Access to this page requires authorization. You can try changing directories.
This article shows how you can connect Azure Databricks to Microsoft SQL server to read and write data.
Important
The configurations described in this article are Experimental. Experimental features are provided as-is and are not supported by Databricks through customer technical support. To get full query federation support, you should instead use Lakehouse Federation, which enables your Azure Databricks users to take advantage of Unity Catalog syntax and data governance tools.

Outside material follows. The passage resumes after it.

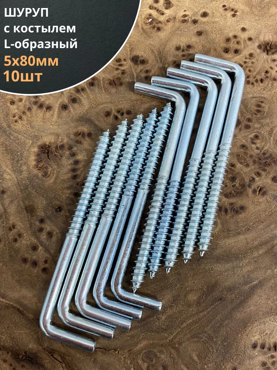 Шуруп с костылем L-образный 5х80, 10 шт.

In Databricks Runtime 11.3 LTS and above, you can use the sqlserver
keyword to use the included driver for connecting to SQL server. When working with DataFrames, use the following syntax:
remote_table = (spark.read
.format("sqlserver")
.option("host", "hostName")
.option("port", "port") # optional, can use default port 1433 if omitted
.option("user", "username")
.option("password", "password")
.option("database", "databaseName")
.option("dbtable", "schemaName.tableName") # (if schemaName not provided, default to "dbo")
.load()
)
val remote_table = spark.read
.format("sqlserver")
.option("host", "hostName")
.option("port", "port") // optional, can use default port 1433 if omitted
.option("user", "username")
.option("password", "password")
.option("database", "databaseName")
.option("dbtable", "schemaName.tableName") // (if schemaName not provided, default to "dbo")
.load()
When working with SQL, specify sqlserver
in the USING
clause and pass options while creating a table, as shown in the following example:
DROP TABLE IF EXISTS sqlserver_table;
CREATE TABLE sqlserver_table
USING sqlserver
OPTIONS (
dbtable '<schema-name.table-name>',
host '<host-name>',
port '1433',
database '<database-name>',
user '<username>',
password '<password>'
);
In Databricks Runtime 10.4 LTS and below, you must specify the driver and configurations using the JDBC settings. The following example queries SQL Server using its JDBC driver. For more details on reading, writing, configuring parallelism, and query pushdown, see Query databases using JDBC.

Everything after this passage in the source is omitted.